Records for this exercise:
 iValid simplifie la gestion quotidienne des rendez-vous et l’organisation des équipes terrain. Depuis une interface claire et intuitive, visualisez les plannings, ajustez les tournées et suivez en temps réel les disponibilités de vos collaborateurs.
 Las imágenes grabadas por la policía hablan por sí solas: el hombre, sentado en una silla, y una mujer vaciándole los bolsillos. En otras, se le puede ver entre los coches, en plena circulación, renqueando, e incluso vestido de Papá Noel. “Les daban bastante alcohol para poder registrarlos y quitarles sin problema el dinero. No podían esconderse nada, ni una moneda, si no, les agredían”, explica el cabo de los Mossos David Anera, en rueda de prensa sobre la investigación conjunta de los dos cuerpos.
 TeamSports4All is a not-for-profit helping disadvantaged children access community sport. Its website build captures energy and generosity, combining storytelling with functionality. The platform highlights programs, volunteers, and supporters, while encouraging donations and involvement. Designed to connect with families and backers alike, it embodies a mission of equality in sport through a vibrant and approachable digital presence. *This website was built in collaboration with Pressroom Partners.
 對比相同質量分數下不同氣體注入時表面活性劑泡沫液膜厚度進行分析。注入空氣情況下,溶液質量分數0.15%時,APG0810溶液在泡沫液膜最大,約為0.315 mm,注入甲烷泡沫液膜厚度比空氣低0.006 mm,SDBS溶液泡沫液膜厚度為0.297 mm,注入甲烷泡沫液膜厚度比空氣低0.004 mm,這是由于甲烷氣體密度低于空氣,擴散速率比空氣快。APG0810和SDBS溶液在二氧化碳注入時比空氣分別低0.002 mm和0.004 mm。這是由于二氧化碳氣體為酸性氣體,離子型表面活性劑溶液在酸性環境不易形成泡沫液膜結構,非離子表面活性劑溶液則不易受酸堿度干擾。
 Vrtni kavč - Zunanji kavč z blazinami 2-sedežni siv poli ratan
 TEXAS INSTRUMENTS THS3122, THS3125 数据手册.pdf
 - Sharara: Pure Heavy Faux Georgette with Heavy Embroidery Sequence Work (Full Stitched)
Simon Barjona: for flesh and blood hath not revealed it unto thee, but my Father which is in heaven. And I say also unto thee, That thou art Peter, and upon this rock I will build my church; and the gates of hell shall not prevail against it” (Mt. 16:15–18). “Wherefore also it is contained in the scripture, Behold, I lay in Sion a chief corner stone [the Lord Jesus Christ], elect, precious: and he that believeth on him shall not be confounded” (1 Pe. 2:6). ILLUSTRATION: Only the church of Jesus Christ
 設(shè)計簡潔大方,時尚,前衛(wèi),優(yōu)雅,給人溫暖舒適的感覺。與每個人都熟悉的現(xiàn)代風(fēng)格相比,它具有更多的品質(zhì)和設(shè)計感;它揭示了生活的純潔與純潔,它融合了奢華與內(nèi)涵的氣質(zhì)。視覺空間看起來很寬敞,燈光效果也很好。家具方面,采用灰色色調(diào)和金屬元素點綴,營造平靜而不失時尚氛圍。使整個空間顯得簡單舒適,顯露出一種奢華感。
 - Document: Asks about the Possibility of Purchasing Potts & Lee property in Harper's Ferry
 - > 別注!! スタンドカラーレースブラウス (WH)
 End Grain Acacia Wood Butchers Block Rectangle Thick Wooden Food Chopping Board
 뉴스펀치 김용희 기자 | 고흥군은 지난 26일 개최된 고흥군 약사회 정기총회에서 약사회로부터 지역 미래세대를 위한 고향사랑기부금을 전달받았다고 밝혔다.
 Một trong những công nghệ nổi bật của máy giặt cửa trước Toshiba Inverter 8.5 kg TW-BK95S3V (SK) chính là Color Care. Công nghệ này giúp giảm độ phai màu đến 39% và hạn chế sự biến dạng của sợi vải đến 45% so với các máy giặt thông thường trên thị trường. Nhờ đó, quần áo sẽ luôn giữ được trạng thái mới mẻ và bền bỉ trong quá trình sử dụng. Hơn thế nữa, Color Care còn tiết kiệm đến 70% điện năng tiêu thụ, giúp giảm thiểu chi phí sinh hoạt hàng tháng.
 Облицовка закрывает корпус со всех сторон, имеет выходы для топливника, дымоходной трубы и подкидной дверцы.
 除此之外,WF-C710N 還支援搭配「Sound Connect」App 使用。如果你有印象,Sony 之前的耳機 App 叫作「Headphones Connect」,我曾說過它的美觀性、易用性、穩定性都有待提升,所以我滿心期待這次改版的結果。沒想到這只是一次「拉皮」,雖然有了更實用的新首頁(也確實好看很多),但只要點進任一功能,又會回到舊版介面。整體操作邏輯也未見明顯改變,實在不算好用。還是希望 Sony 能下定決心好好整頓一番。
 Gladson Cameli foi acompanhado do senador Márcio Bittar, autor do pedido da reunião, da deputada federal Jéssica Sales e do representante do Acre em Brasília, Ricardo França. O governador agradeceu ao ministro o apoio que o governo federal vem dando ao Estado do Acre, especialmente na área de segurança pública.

Problem description: The answer should hold only the lines from the start of the records above through the line containing "Las imágenes grabadas", each set down exactly.

Solution:
 iValid simplifie la gestion quotidienne des rendez-vous et l’organisation des équipes terrain. Depuis une interface claire et intuitive, visualisez les plannings, ajustez les tournées et suivez en temps réel les disponibilités de vos collaborateurs.
 Las imágenes grabadas por la policía hablan por sí solas: el hombre, sentado en una silla, y una mujer vaciándole los bolsillos. En otras, se le puede ver entre los coches, en plena circulación, renqueando, e incluso vestido de Papá Noel. “Les daban bastante alcohol para poder registrarlos y quitarles sin problema el dinero. No podían esconderse nada, ni una moneda, si no, les agredían”, explica el cabo de los Mossos David Anera, en rueda de prensa sobre la investigación conjunta de los dos cuerpos.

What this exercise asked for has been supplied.